COLLECTED DATA: Begin

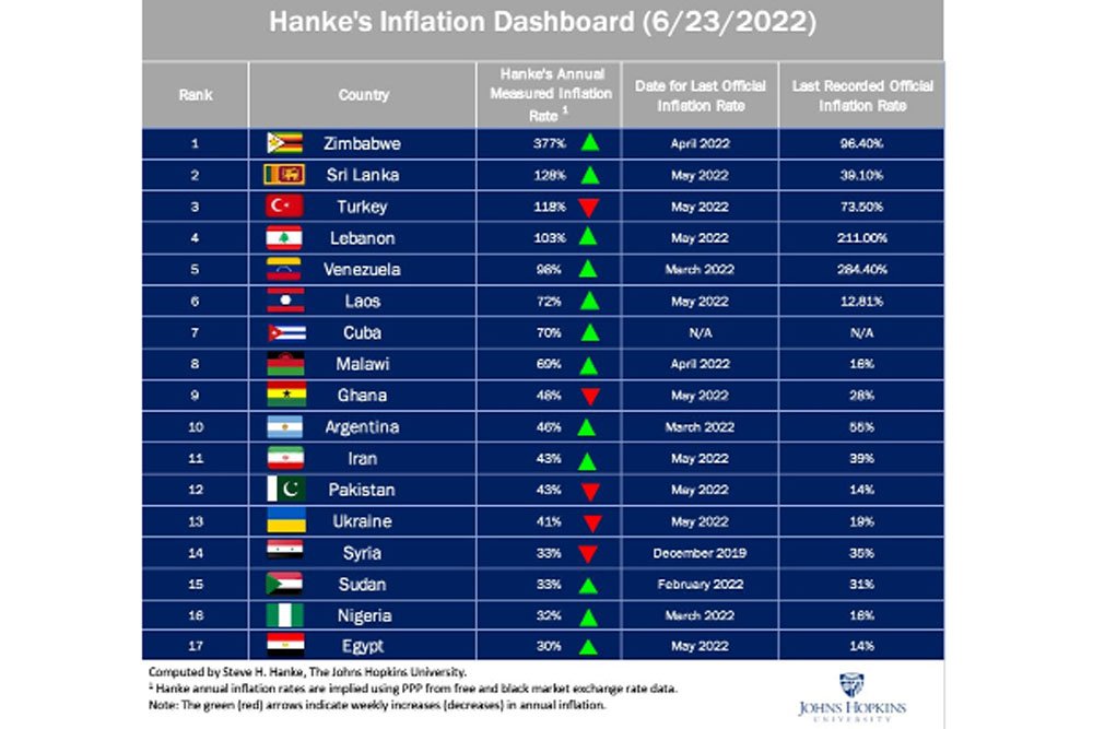 உலக பணவீக்க பட்டியலில் இலங்கை மூன்றாவது இடத்துக்கு!
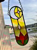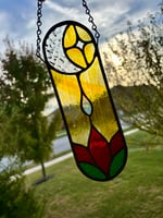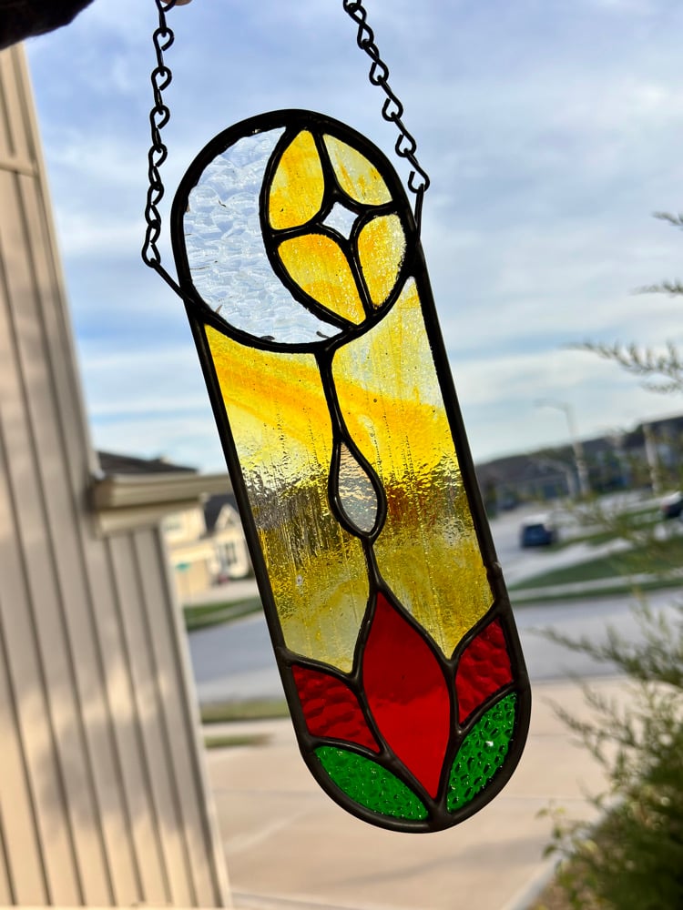 This handmade stained-glass suncatcher features a glowing moon cradling a star above a vibrant red flower and green leaves. Crafted with textured and smooth glass in warm golden tones, it catches sunlight beautifully and brings a gentle celestial glow to any window or space. A beautiful accent for sacred spaces, reading nooks or anyone who loves lunar symbolism and handmade art lovers.
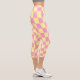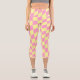 Retro Y2K Chequerboard Capri Leggings , Funky Trendy pink & yellow Chequerboard Leggings
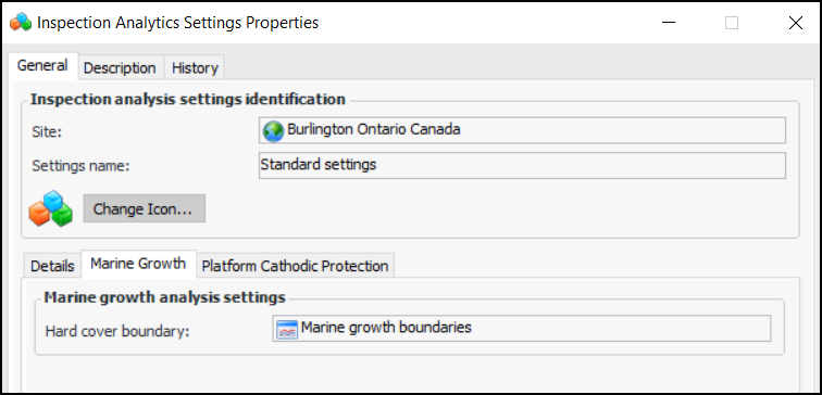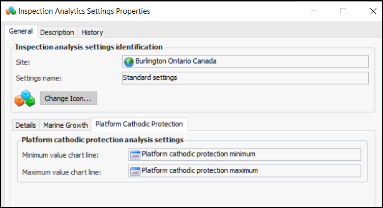 You can use the new “Dashboard - Indicator Analytics Platform Cathodic Protection” site panel in the Analytics tab and other dashboards to display point style charts of measurement point readings with the platform cathodic protection subtype. One chart shows the maximum reading and the other the minimum reading. Depth and Reading are the chart co-ordinates.You can also set up boundary lines to highlight readings outside of normal points. Define the chart lines in the Charts tab and add them in the Inspection Analytics Settings dialog, Platform Cathodic Protection tab:Survey Types – Platform, Fabric, and Subsea Inspections

COLLECTED DATA: End

YOUR TASK
Each line above must be repeated exactly in the answer, with pictures omitted.

OUTPUT
 உலக பணவீக்க பட்டியலில் இலங்கை மூன்றாவது இடத்துக்கு!
 This handmade stained-glass suncatcher features a glowing moon cradling a star above a vibrant red flower and green leaves. Crafted with textured and smooth glass in warm golden tones, it catches sunlight beautifully and brings a gentle celestial glow to any window or space. A beautiful accent for sacred spaces, reading nooks or anyone who loves lunar symbolism and handmade art lovers.
 Retro Y2K Chequerboard Capri Leggings , Funky Trendy pink & yellow Chequerboard Leggings
 You can use the new “Dashboard - Indicator Analytics Platform Cathodic Protection” site panel in the Analytics tab and other dashboards to display point style charts of measurement point readings with the platform cathodic protection subtype. One chart shows the maximum reading and the other the minimum reading. Depth and Reading are the chart co-ordinates.You can also set up boundary lines to highlight readings outside of normal points. Define the chart lines in the Charts tab and add them in the Inspection Analytics Settings dialog, Platform Cathodic Protection tab:Survey Types – Platform, Fabric, and Subsea Inspections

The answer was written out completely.